B 1‐field maps for both nominal FAs, 15° and 52°, were acquired, and the off‐resonance behavior was investigated by changing the excitation offsets (±20 ppm) of the sinc pulse.

The FA distribution was then also measured in vivo in five volunteers using the same method as described above, but with the matrix size of 16 × 16 voxels.

In vivo measurements

The feasibility of the FAST method in vivo at 7 T was tested in eight healthy, lean volunteers (two female/six male; mean age 28.8 ± 2.8 years, body mass index (BMI) = 22.1 ± 2.5 kg m−2). All participants were lying in the supine position, with the right calf muscle placed on top of the coil. For dynamic experiments, five healthy volunteers (two female/three male; mean age 28.4 ± 1.6 years, BMI = 23.5 ± 2.1 kg m-2) were also investigated, lying in the supine position on an ergometer dedicated for plantar flexion exercise (Trispect, Ergospect, Innsbruck, Austria). The study protocol (Fig. 1) was approved by the local ethics committee, and written, informed consent was obtained from all volunteers.

Figure 1

Schematic representation of the measurement protocol. The measurement preparation was followed by the FAST measurement at rest and by the dynamic experiment. Each dynamic experiment consisted of the acquisition of baseline data during 2 min of rest, 6 min of aerobic plantar flexion exercise (including FAST measurement), and 6 min of recovery.

FAST in vivo examination

Based on the phantom experiments, a sinc excitation pulse (duration 600 µs, excitation bandwidth 6.4 kHz, chemical shift displacement error (CSDE) ±0.14 cm for ±600 Hz difference between γ‐ATP and Pi) was used for in vivo DRESS‐localized FAST examinations at 7 T.

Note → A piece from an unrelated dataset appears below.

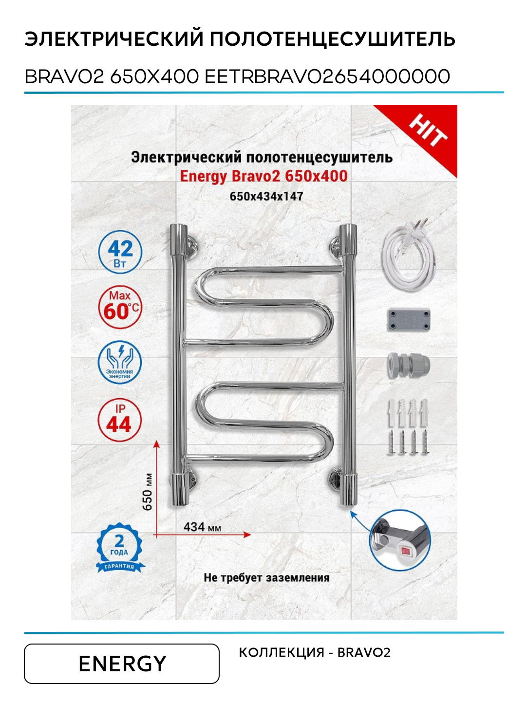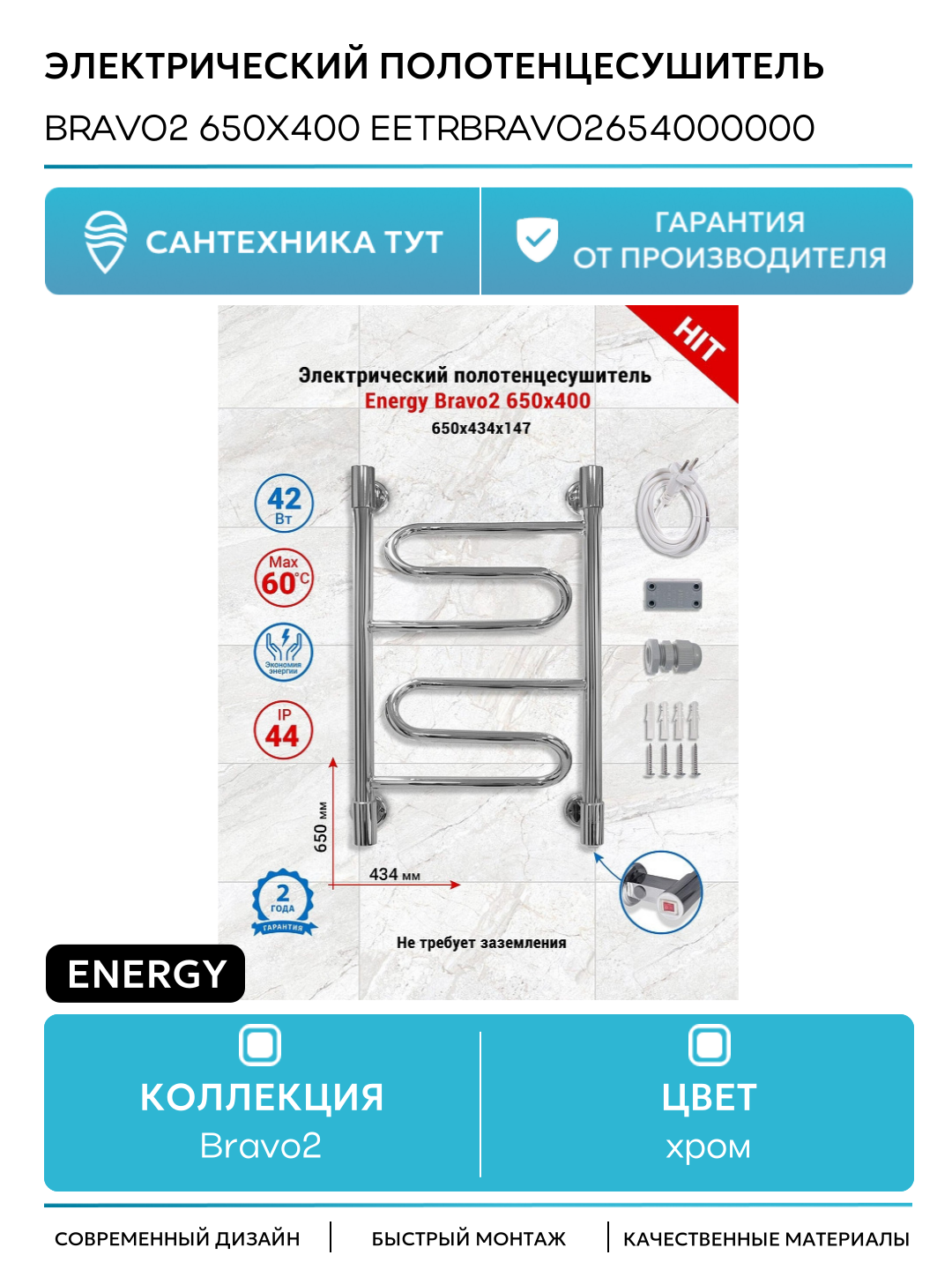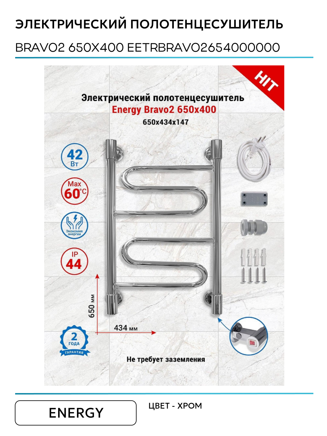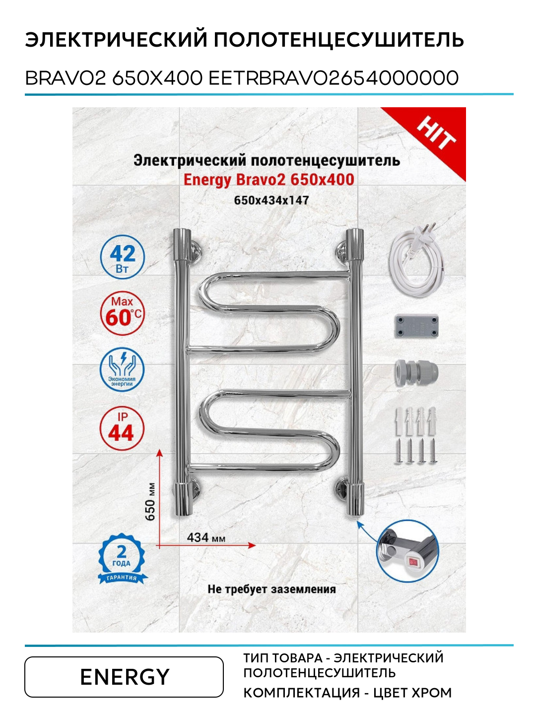 Электрический полотенцесушитель Energy Bravo2 650х400 EETRBRAVO2654000000 цвет Хром: сравнение цен, характеристики, фото, актуальное наличие и цены.

After acquisition of the localizer images, a 15 mm thick MRS selection slab representing the volume of interest was placed in the medial gastrocnemius muscle in each volunteer individually based on a localizer image. An example of the slab positioning in the medial gastrocnemius muscle is shown in Fig. 2a. RF power was adjusted for the maximum of localized PCr signal, by varying the RF transmit voltage, and B 0 shimming was performed to optimize the magnetic field homogeneity. For the assessment of metabolite concentrations, the initial acquisition without saturation (FA = 90°, T E* = 0.4 ms, T R = 15 s, NA = 16) was recorded at rest, prior to the FAST experiment, and the γ‐ATP was used as an internal reference.

Figure 2

(a) Localizer image of a calf muscle with depicted slice selection of the DRESS localization sequence. The thickness of the slab represents the chemical shift displacement between PCr and Pi. (b) Excitation sinc pulse profiles for 15° (green line) and for 52° (blue line) FA. The profiles were scaled to their maximum. (c, d) Maps of FA distribution of excitation SINC pulse used with nominal FA = 52° (c) and FA = 15° (d) measured in a volunteer.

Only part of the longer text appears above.